_Stored data:_
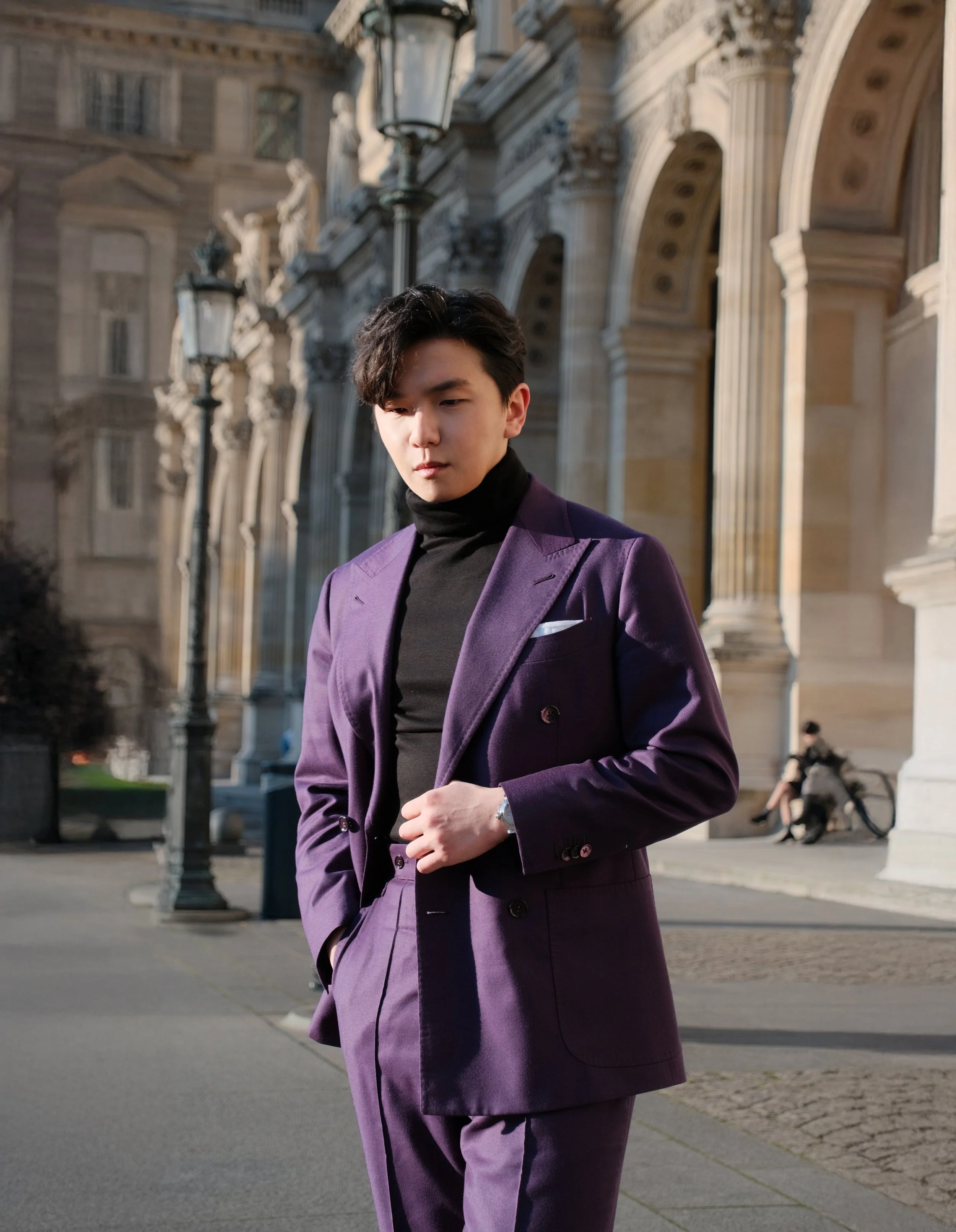 LOROPIANA SUPER 150s. Signature Neapolitan Cut. 4” PEAK LAPELS WITH 6:1 DOUBLE BREASTED FRONT
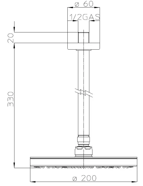 Bossini Oki Верхний душ d20 см, 1 вид струи, кронштейн потолочный 33 см, цвет: chrome H31405G.030
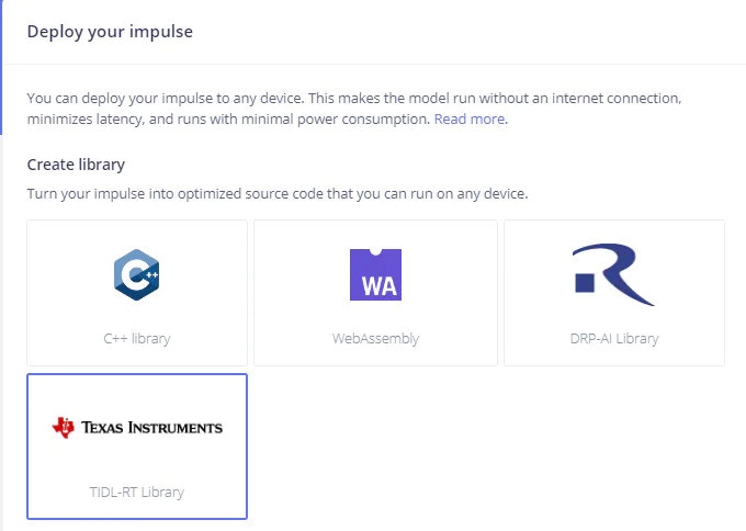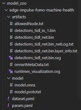 The output of library build is a zip file, however, the contents are in the format for the edge-impulse-linux-runner, and not the TI model zoo format that’s found in the SDK. I organized the model contents into a similar format as the other models in the model zoo:
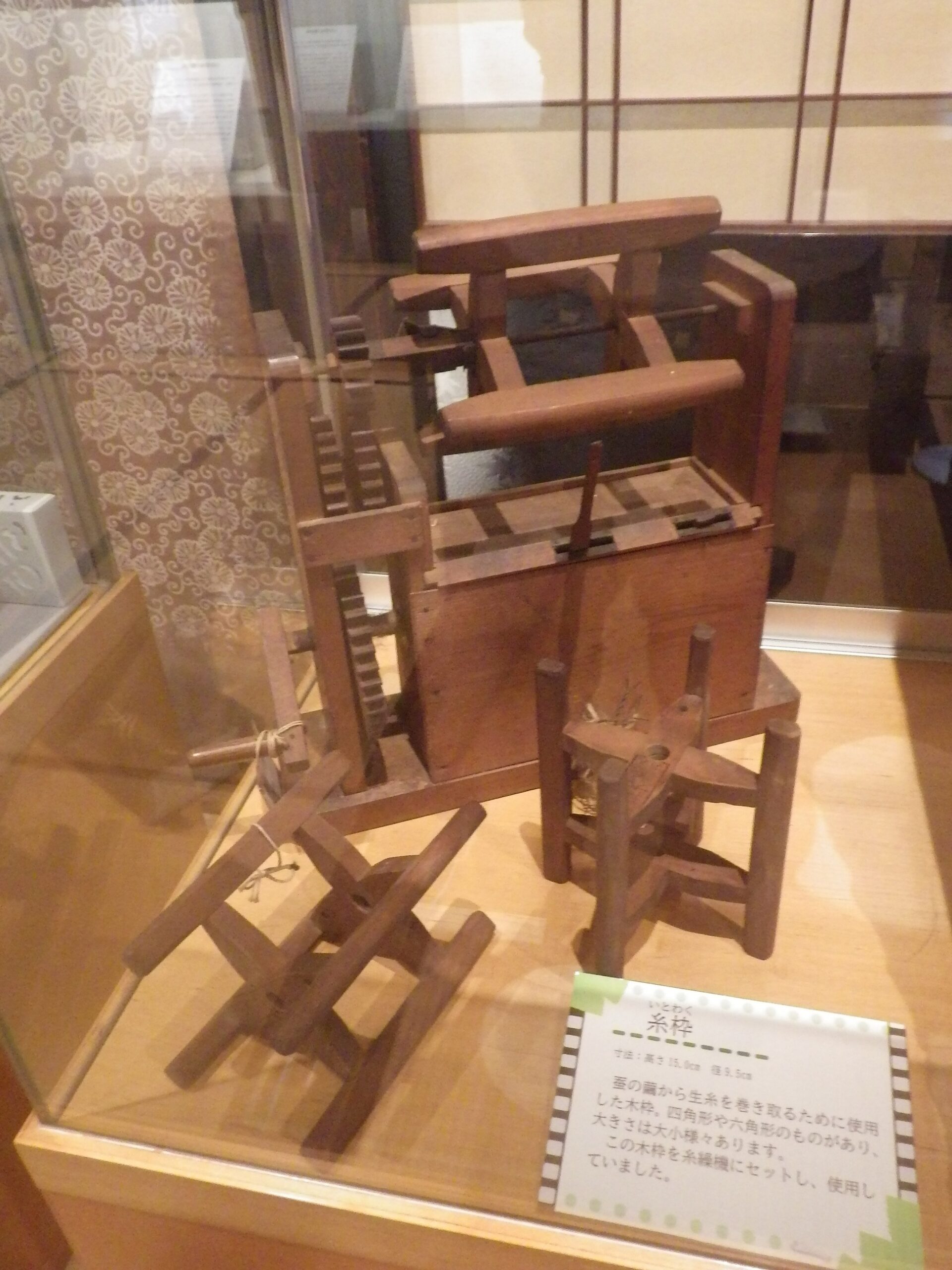 繭から生糸を取るときに使う道具。糸枠は四角形や六角形のものがあり、大小も様々。糸繰機に糸枠をセットして使う。
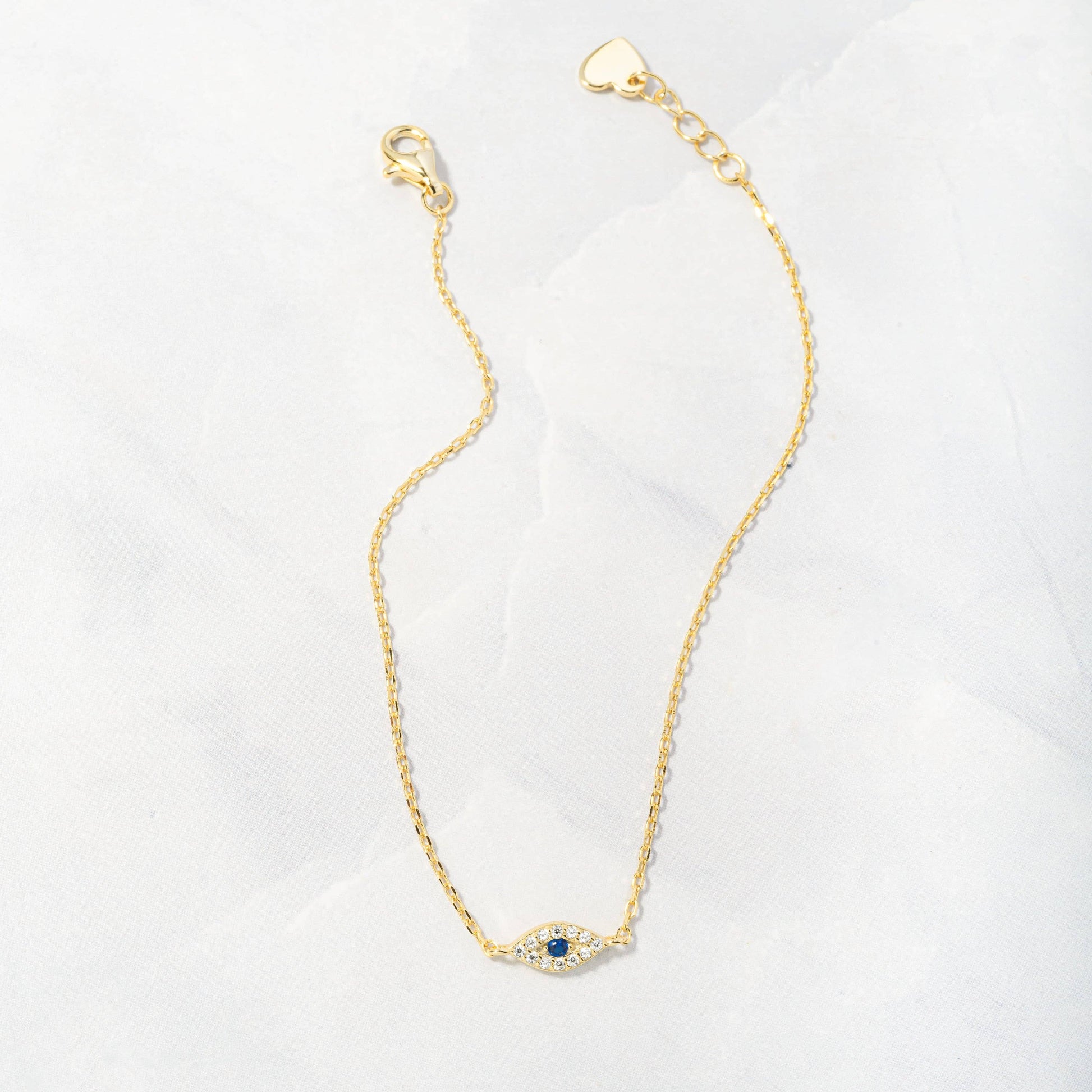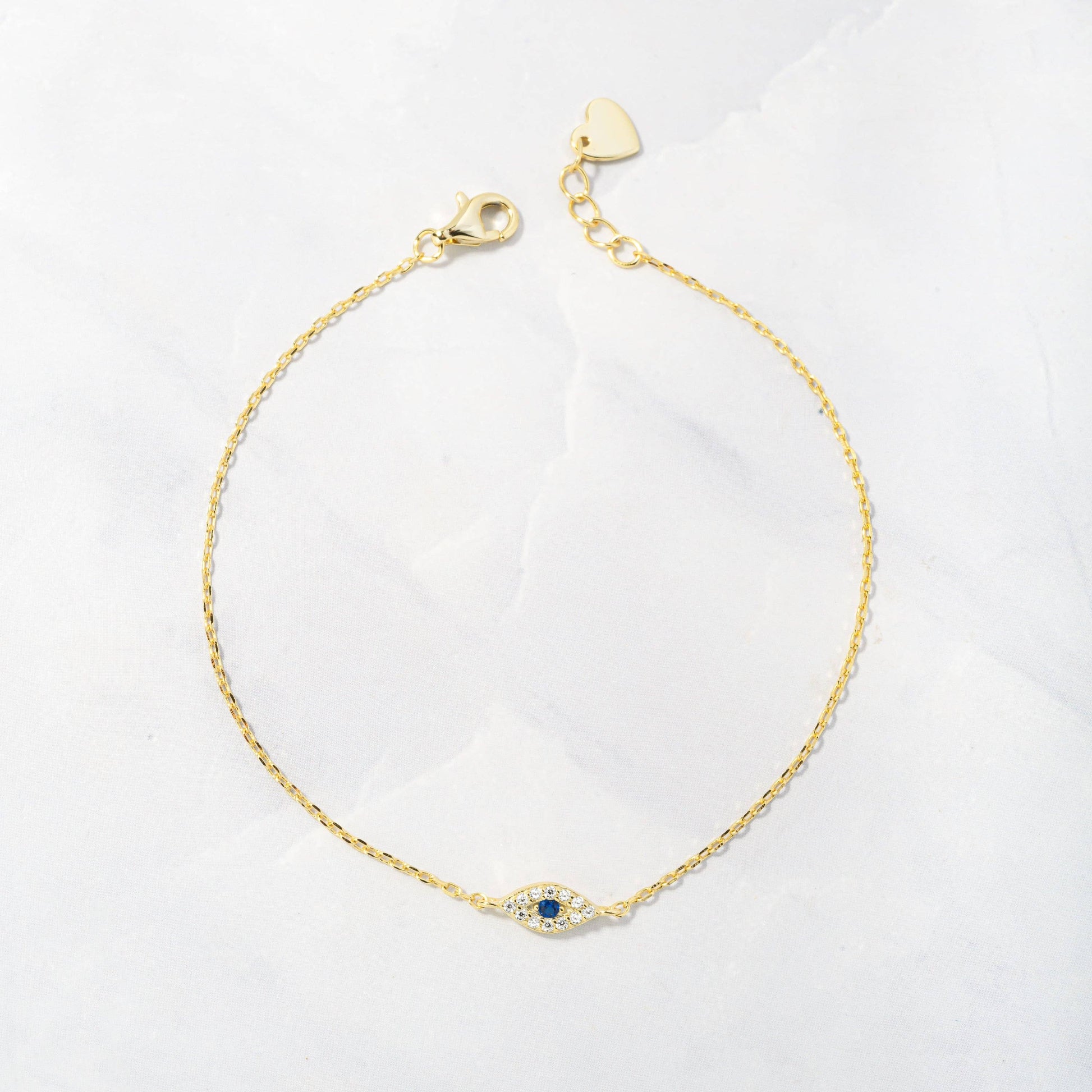 Made with a thick plating of 14k Gold over 925 Sterling Silver, beautifully designed 4mm Evil Eye Charm, cz stones & a lobster clasp closure.

_ASSIGNMENT:_ Restate word for word the lines of the data above that begin at the line with "The output of" and end at the line with "繭から生糸を取るときに使う道", keeping both ends and dropping every picture.

_THE COMPLETED TASK:_
 The output of library build is a zip file, however, the contents are in the format for the edge-impulse-linux-runner, and not the TI model zoo format that’s found in the SDK. I organized the model contents into a similar format as the other models in the model zoo:
 繭から生糸を取るときに使う道具。糸枠は四角形や六角形のものがあり、大小も様々。糸繰機に糸枠をセットして使う。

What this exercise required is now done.